1. Tribun Paling Timur

1K 102 17
                                    

Seharusnya manusia ga se-sampah itu.
###


"Azel, ih, gue lagi ngomong juga!"

Sentakan itu berhasil menarik kembali seorang Azel dari lamunannya. Di tengah-tengah puluhan penonton yang duduk di tribun paling timur, hanya Azel lah yang terlihat tidak fokus menonton pertandingan basket antar kelas dua belas di SMA Surya Aksara. Dan jika bukan karena permintaan Cyra, Azel mungkin tak sudi menginjakan kakinya di tribun membosankan ini.
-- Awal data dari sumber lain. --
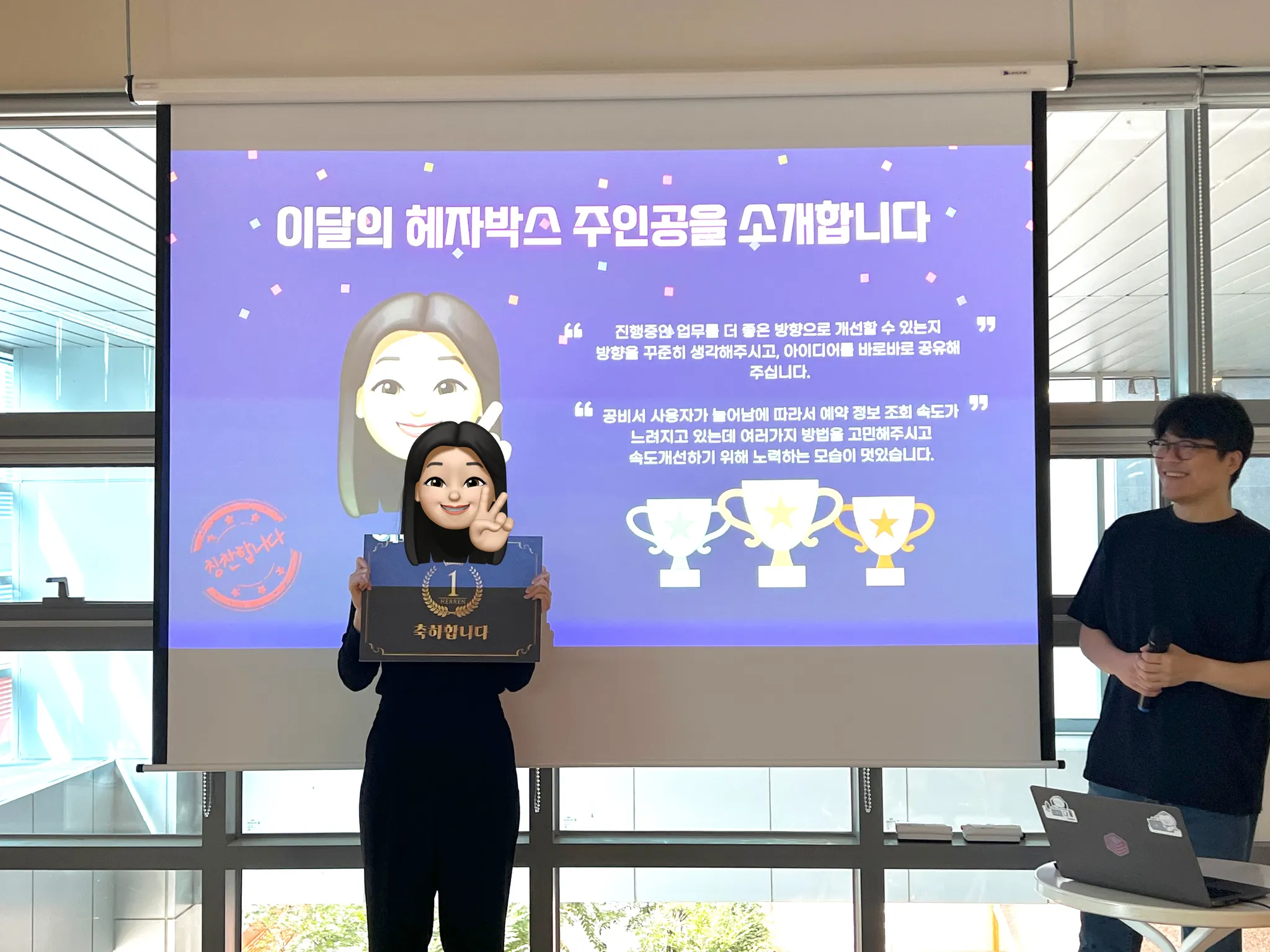 헤렌만의 우수사원 포상제도가 있습니다! 헤렌의 일잘법 8가지를 가장 잘 지킨 헤더에게 칭찬의 의미를 담아 자체 사이트를 통해 투표하고 있어요.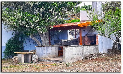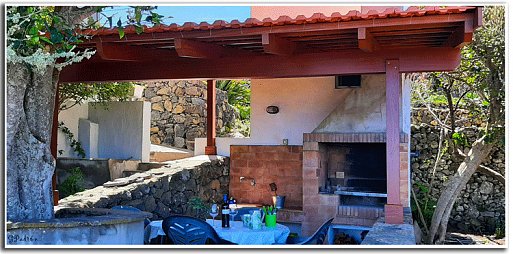 Unten, dicht am Haus liegt im Schatten eines ausufernden Orangenbaumes die sehr originelle Grillstelle mit Tisch, Stühlen und Bänken.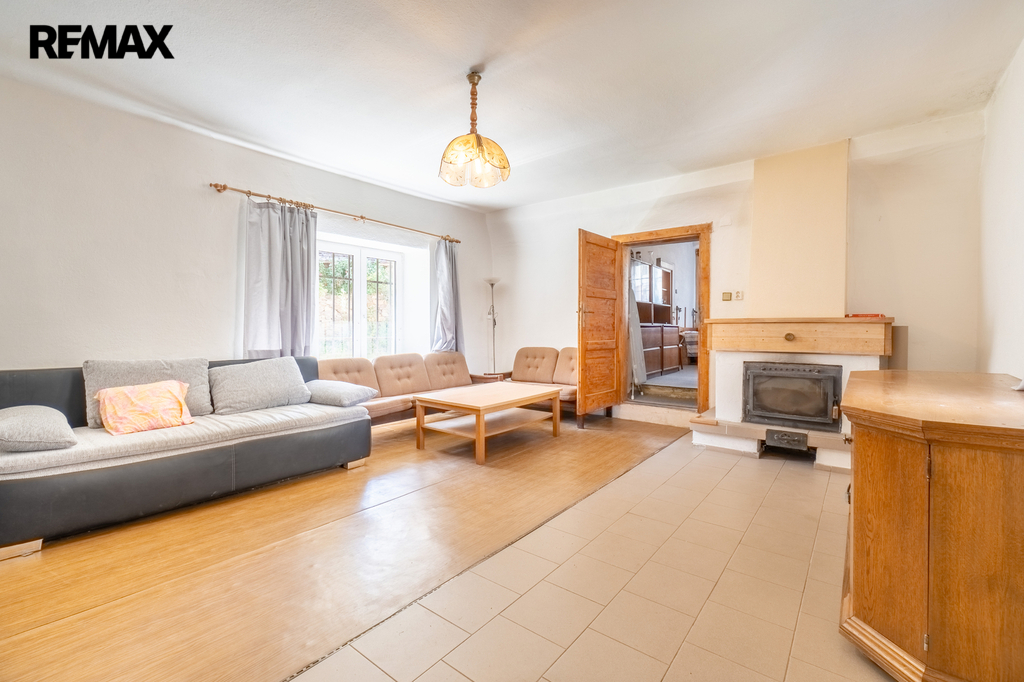 Obytná část o dispozici 3+1 má přibližně 95 m² a nachází se v levé části domu, která byla využívána k víkendovému bydlení.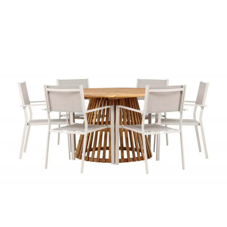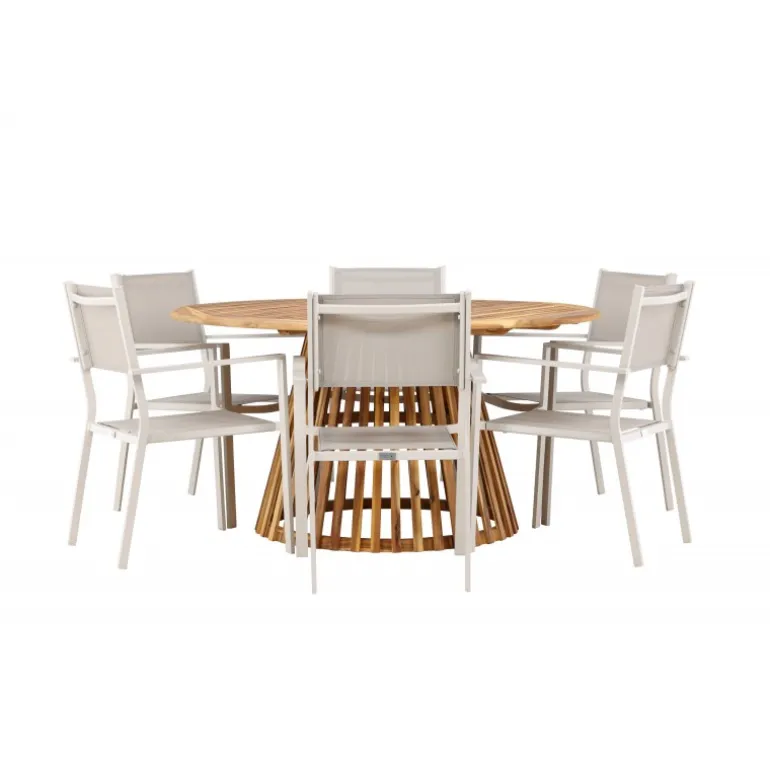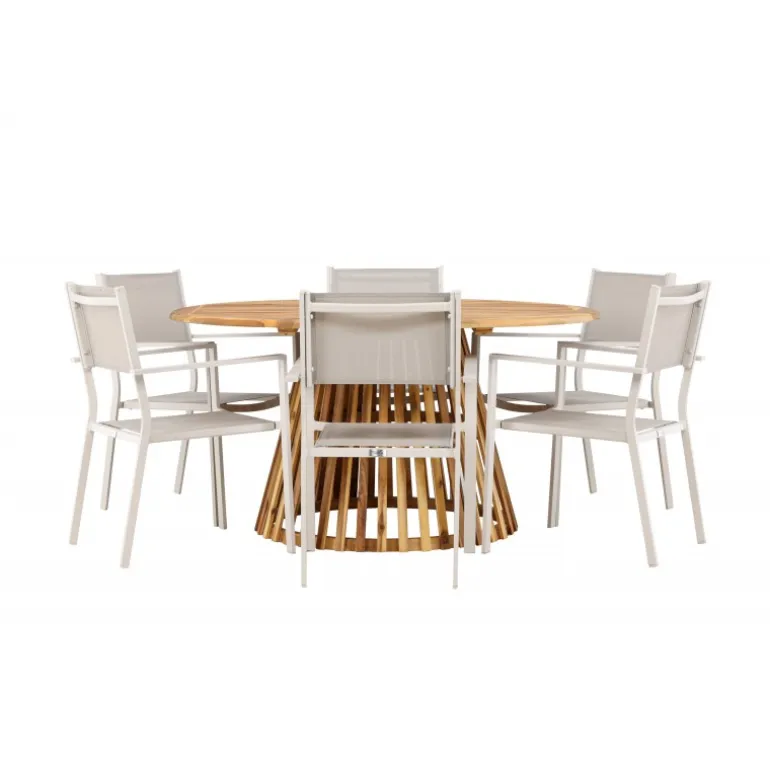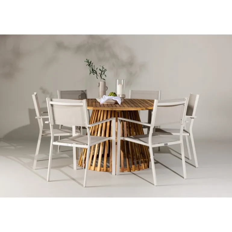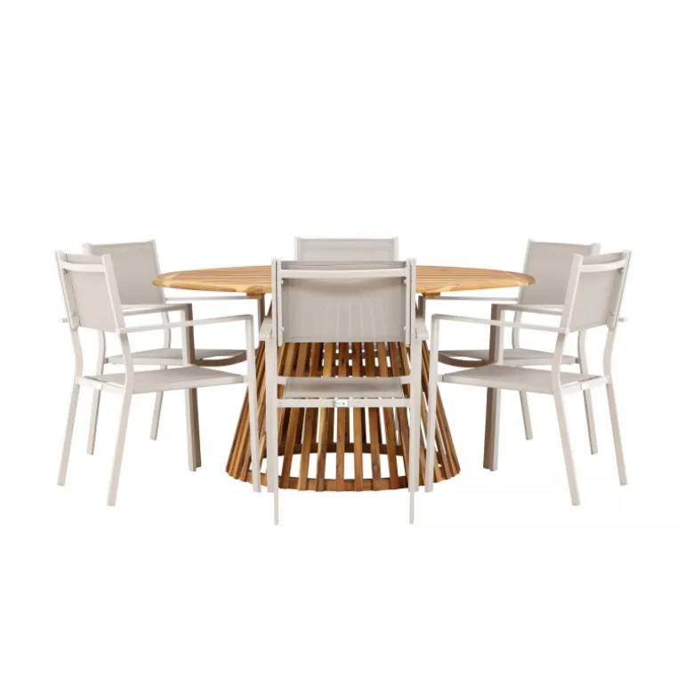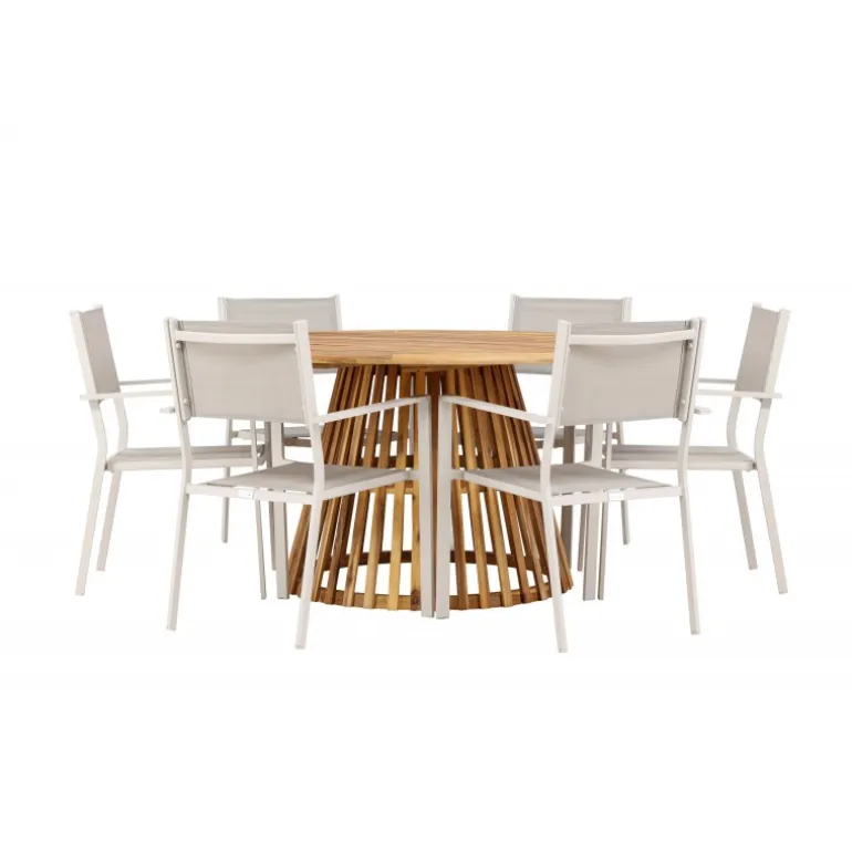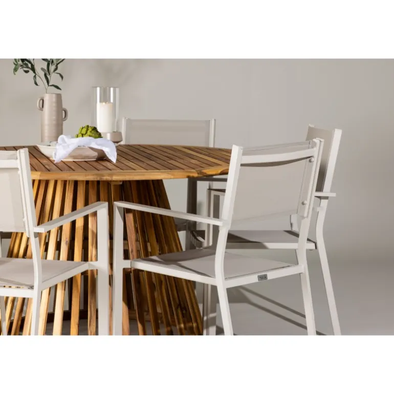 - Moderne design: Copacabana-stolene er lavet af aluminium og har en blød beige farve, der komplementerer bordets naturlige tone.
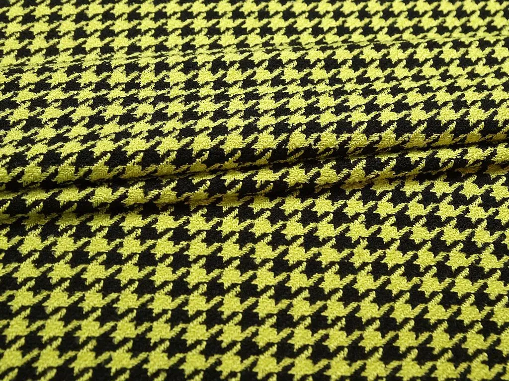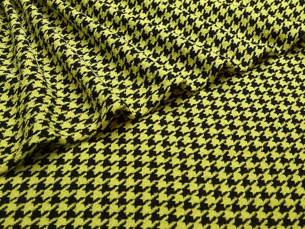 Двухсторонняя костюмная ткань в гусиную лапку, цвет черно-салатовый

Azel yang sedari tadi menatap Cyra, dibuat menaikan alisnya tinggi-tinggi. Sebuah gestur yang selalu Azel layangkan jika Cyra mulai berbicara dengan nada kesal.

"Apa, Tsabit?" Seperti biasa, Azel selalu berucap lembut kepada Cyra Tsabita. Bulan paling terang di galaksi bima sakti baginya.

"Itu ... gue tadi lagi ngomongin permainan basketnya kak Zaki." Dengan telunjuk yang mengarah pada satu objek yang tengah mengambil ancang-ancang memasukkan bola ke keranjang, tiba-tiba saja mata Cyra berbinar terang. "Tuh ... tuh ... liat, Zel ... liat ...."

Cyra memang pengingat yang baik. Belum genap sebulan menyandang gelar sebagai siswi SMA Surya Aksara, namun sudah banyak kakak kelas yang namanya sudah ia hapal di luar kepala. Terutama senior-senior yang punya wajah setampan model dan tubuh seatletis atlet seperti Zaki, Fikri, Candra, dan sekumpulan orang-orang dalam pertemanan seniornya itu.

Kemudian, Azel beralih menatap satu titik yang terarah pada telunjuk Cyra. Azel menyipitkan mata. Bukan, bukan karena mata Azel bermasalah, namun penilaian Cyra pada cara bermain kakak kelasnya itu salah total.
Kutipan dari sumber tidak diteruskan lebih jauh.